Work to be completed: Within the listing below, the lines to output run from the one containing "图 1:时间位移模块(TSM" through the one containing "- Food: we did"; copy them exactly and nothing else.

Provided data:

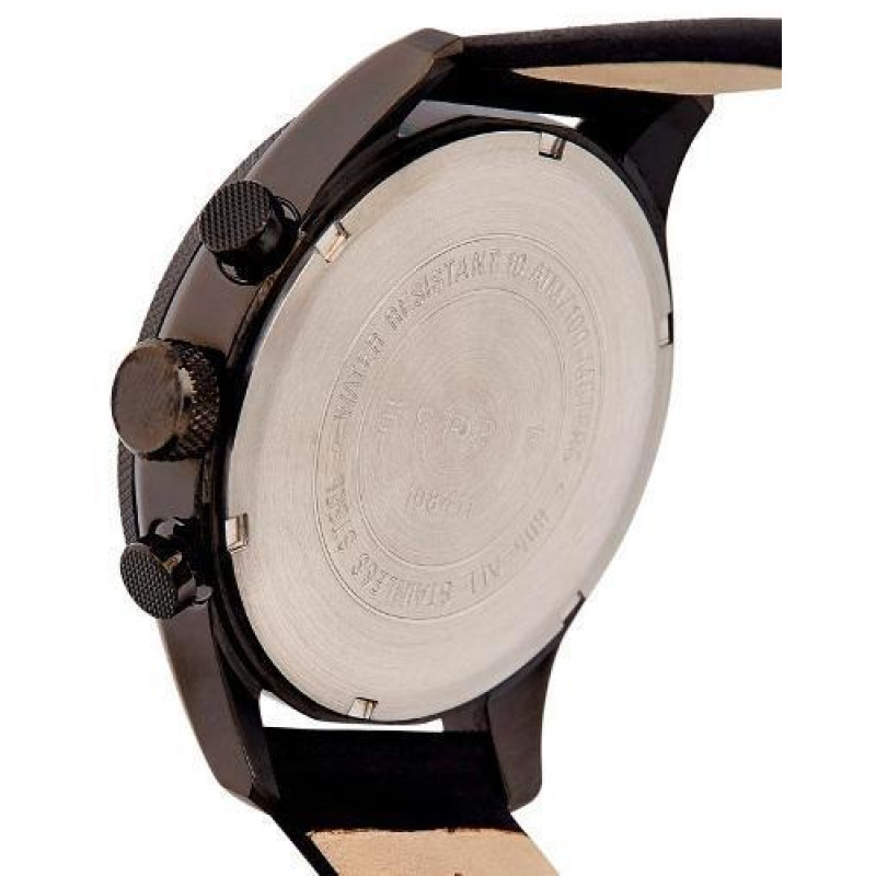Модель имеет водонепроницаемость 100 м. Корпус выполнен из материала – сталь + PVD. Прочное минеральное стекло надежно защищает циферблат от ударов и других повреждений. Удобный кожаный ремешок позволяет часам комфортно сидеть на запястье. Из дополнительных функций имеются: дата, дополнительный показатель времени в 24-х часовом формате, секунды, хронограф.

--

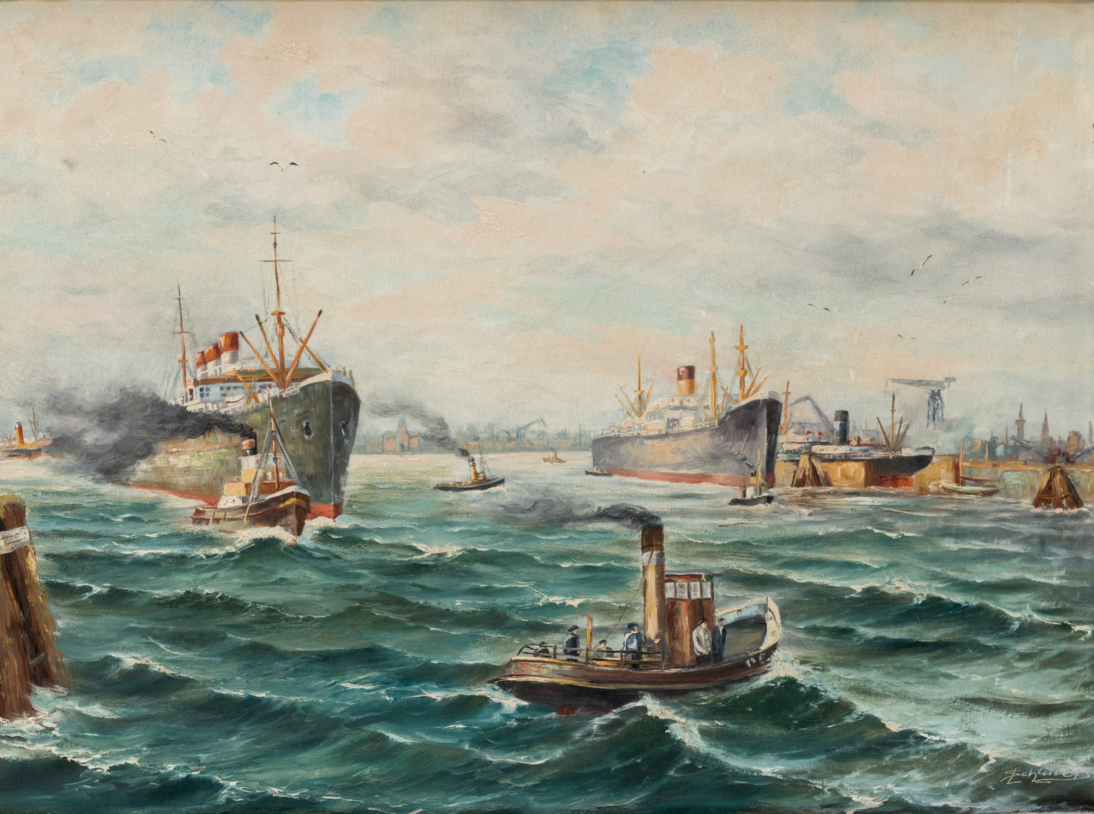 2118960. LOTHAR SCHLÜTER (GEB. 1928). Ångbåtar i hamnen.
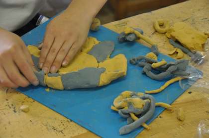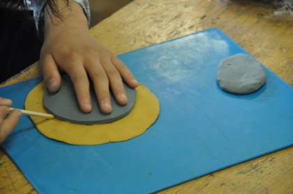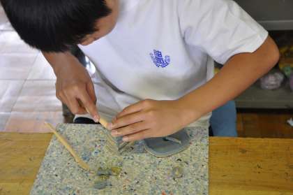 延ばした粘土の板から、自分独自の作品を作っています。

* * *

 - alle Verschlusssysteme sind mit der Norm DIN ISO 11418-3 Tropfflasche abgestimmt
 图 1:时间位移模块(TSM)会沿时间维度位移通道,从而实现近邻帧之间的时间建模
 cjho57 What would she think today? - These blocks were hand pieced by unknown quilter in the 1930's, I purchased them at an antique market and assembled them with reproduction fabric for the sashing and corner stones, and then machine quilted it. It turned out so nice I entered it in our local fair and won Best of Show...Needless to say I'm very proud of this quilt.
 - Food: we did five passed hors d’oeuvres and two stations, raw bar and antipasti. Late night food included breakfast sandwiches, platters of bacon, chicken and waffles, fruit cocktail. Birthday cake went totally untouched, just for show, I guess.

Reply to the exercise:
 图 1:时间位移模块(TSM)会沿时间维度位移通道,从而实现近邻帧之间的时间建模
 cjho57 What would she think today? - These blocks were hand pieced by unknown quilter in the 1930's, I purchased them at an antique market and assembled them with reproduction fabric for the sashing and corner stones, and then machine quilted it. It turned out so nice I entered it in our local fair and won Best of Show...Needless to say I'm very proud of this quilt.
 - Food: we did five passed hors d’oeuvres and two stations, raw bar and antipasti. Late night food included breakfast sandwiches, platters of bacon, chicken and waffles, fruit cocktail. Birthday cake went totally untouched, just for show, I guess.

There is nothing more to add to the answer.